By JOHN HARLOW | Editor-in-Chief
For Kenneth Wright, the Republican Party’s freewheeling candidate who plans to stand a second time against Democratic Congressman Ted Lieu, addressing guests at the Pacific Palisades Republican Party’s summer bash was a critical pit stop in his next election campaign.
Wright said he had to get started for the midterms in November 2018 because he also has to run a medical practice and a clinic for the poor.
He told the Palisadian Republicans, who gathered for their summer party in an elegant hillside home on Sunday, Aug. 28, that Lieu is an “un-American person” whose record should anger anyone from Republican to Communist.
He said he was prompted to stand by two Lieu policies: “his no-money bail [Congress bill], where you can be shot, your child raped, and [the offender] still does not have to put up bail” and curbing vetting of 200,000 Syrian refugees.
(Democrats challenge his interpretation. They say violent criminals still face high bail, but reforms mean the poor would not be trapped in jail on minor offenses. And the 18,000 Syrian refugees received since 2011 have been rigorously vetted.)
Wright was in El Medio to raise funds because, he said, last year he was deeply outspent by the Democrats of District 33.
Wright raised $50,000, of which half came from his own pocket, while Lieu mustered $1.7 million, all but 5 percent from big donors.
“The local Republican Party gave me no money at all because they did not believe anyone could win against Lieu.
“District 33 [which runs from South Bay to Malibu] is 24-percent Republican, which is what Donald Trump got, but I got 34 percent—130,000 votes, which is not bad for someone who is not a politician, who has never run before.”
Wright said that he was the only South Bay candidate who came out early for Trump, who he regards as a political idol. “The rest were hedging their bets, but I have got a job, I have got nothing to lose.”
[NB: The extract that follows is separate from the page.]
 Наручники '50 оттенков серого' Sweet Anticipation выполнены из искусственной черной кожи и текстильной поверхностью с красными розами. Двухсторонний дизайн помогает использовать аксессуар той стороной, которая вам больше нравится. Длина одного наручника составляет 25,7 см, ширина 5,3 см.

“So, I met [U.S. Representative] Darrell Issa, I have met him twice now, they are out to get him [in the midterms] but he will be just fine, and when I said I got 34 percent he said, ‘In a presidential election, when everyone turns out, that’s not bad. And in the midterms, it will be razor thin, you can win.
“Last time I said I could not win, and people said don’t say that—what a dope. But this time, you know, I can win!”
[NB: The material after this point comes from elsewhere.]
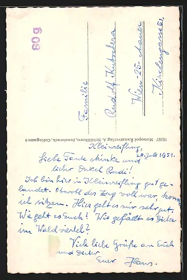 Personenbezogene Daten auf der Rückseite der Karte wurden durch blauen Textmarker unkenntlich gemacht. Die blauen Stellen sind auf die Vorderseite durchgeweicht und wirken sich negativ auf das Postkartenfoto aus

He has been overhauling his political machine: “I fired two campaign managers—they were not very smart, they did not work very hard, the millennial volunteers are very weak. What we need is a very sophisticated young campaign manager. Social media—I am working on that.”
The candidate finished with a Hillary Clinton joke: She is standing outside St. Peter’s Gate, seeing good people being turned away, but “despite Benghazi, the emails, the $100 million she got for selling uranium to the Russians, she gets in.
“She is shown into a room where there is Burt Reynolds on a bed looking real sexy. And she says, ‘I got away with it—I have to ask how did I get to heaven?’ And they say, ‘No, this is not your heaven, this is Burt Reynold’s hell.’”
To which many cheered and others, presumably Burt Reynolds fans, responded with an audible “Wow.”